Nicki Minaj Batal Tampil di Arab Saudi Usai Diprotes
Instagram/nickiminaj
Musik

Sebelumnya, pelantun 'Megatron' tersebut memang dijadwalkan bakal tampil di Arab Saudi dalam sebuah festival budaya yang diadakan di Jeddah, pada 18 Juli mendatang.

WowKeren - Sebelumnya, nama Nicki Minaj sempat menuai kontroversi setelah ia dikonfirmasi bakal tampil di Arab Saudi dalam sebuah festival budaya yang diadakan di Jeddah, pada 18 Juli mendatang. Dalam festival bertajuk Jeddah World Fest ini, rapper "Anaconda" tersebut akan tampil bersama sejumlah pengisi acara lainnya, seperti Liam Payne serta Steve Aoki.

Tentunya hal ini menjadi tanda bahwa Arab Saudi mulai membuka pembatasan atas hiburan yang selama ini diberlakukan. Meski demikian, konser yang berlangsung di King Abdullah Sports Stadion ini tetap akan berlangsung tanpa alkohol dan obat terlarang, serta terbuka untuk orang berusia 16 tahun ke atas.

Namun rupanya, tak semua pihak menyambut kabar ini dengan positif. Pasalnya, selama ini rapper wanita asal Trinidad tersebut dikenal sebagai salah satu selebriti yang vulgar dan sangat provokatif. Belum lagi lagu-lagunya yang sarat akan lirik berbau sensual.

Kini, kabar terbaru justru menyebut jika Nicki batal tampil dalam acara tersebut. Rapper kondang itu mengklaim bahwa pembatalan ini merupakan salah satu sikapnya mendukung hak-hak perempuan dan LGBT yang ditentang di negara tersebut.


"Setelah perenungan yang hati-hati, aku memutuskan untuk tidak lagi bergerak maju dengan jadwal konserku di Jeddah World Fest," ungkap Nicki dalam sebuah pernyataan resmi.

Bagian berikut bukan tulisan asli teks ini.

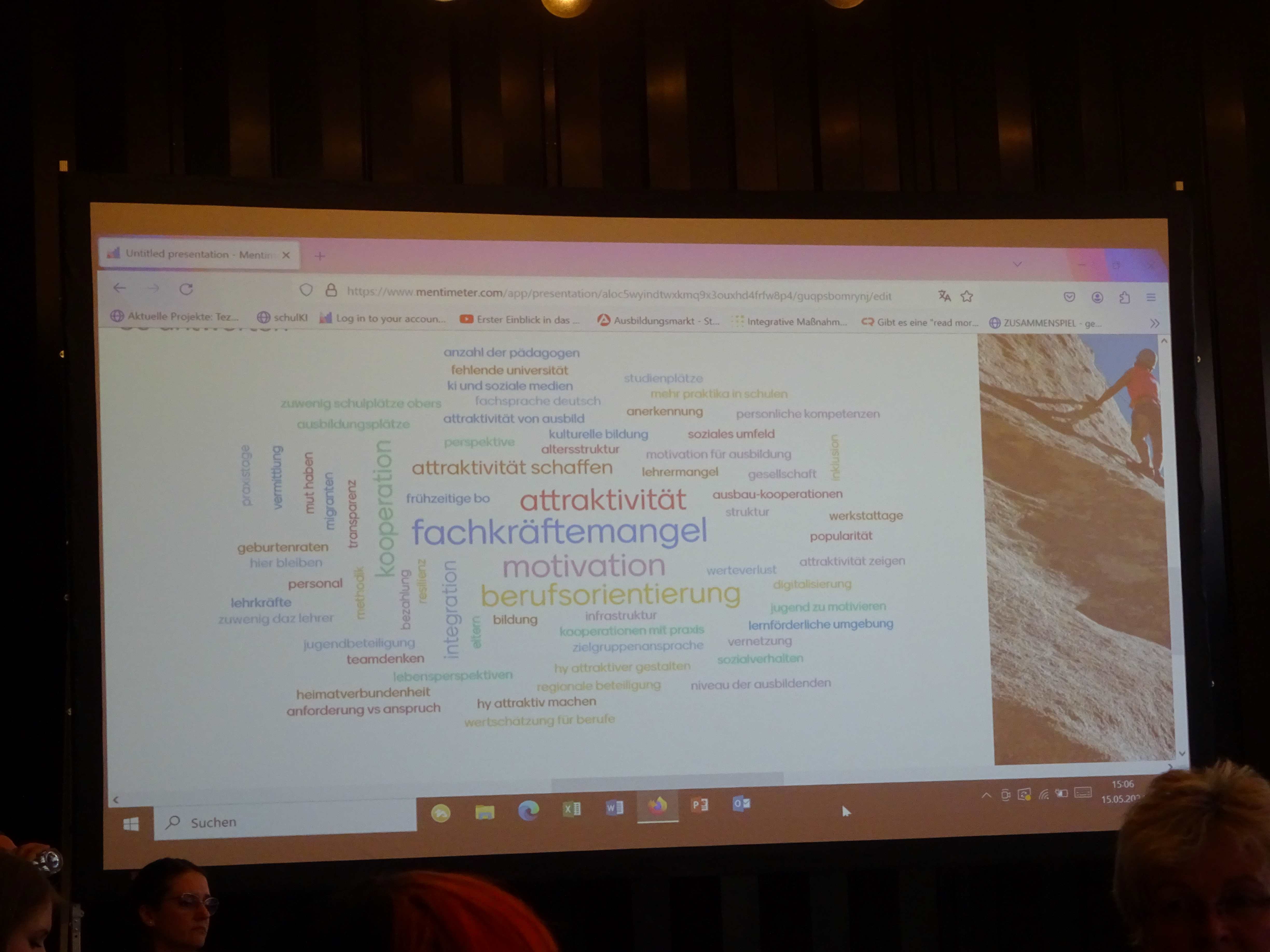 Mittels Mentimeter konnten die Teilnehmer*innen darüber abstimmen, welche Herausforderungen der Wandel in Stadt und Region aus ihrer Sicht mit sich bringt. Besonders häufig wurde dabei „Fachkräftemangel“ , „Attraktivität“ oder „Berufsorientierung“ genannt.

Dalam lanjutannya, rapper asal Trinidad ini menyebut bahwa sebenarnya ia ingin tampil di hadapan para penggemarnya di Arab Saudi. Namun di sisi lain, ia juga menekankan betapa pentingnya bagi dirinya untuk memperjelas dukungannya pada hak-hak perempuan dan komunitas LGBT.

"Meski yang aku inginkan hanya menampilkan pertunjukan kepada penggemar di Arab Saudi, setelah memahami lagi masalahnya, aku percaya penting untuk menegaskan dukungan terhadap hak perempuan, komunitas LGBT, dan kebebasan berekspresi," lanjutnya.

Sebelumnya, Organisasi Hak Asasi Manusia yang berbasis di New York juga telah meminta Nicki Minaj untuk membatalkan penampilannya di Arab Saudi. Pasalnya hal ini dianggap bertentangan dengan partisipasi sang rapper dalam Gay Pride di New York pada Juni.

Terlepas dari hal tersebut, Jeddah World Fest sendiri merupakan bagian dari program pemerintah Arab Saudi yang bertujuan untuk mendongkrak kegiatan pariwisata di negara tersebut. Selama beberapa bulan terakhir, sejumlah musisi dunia telah tampil di negara ini. Di antaranya adalah Mariah Carey, Enrique Iglesias, Black Eyed Peas, rapper Sean Paul, DJ David Guetta dan Tiesto.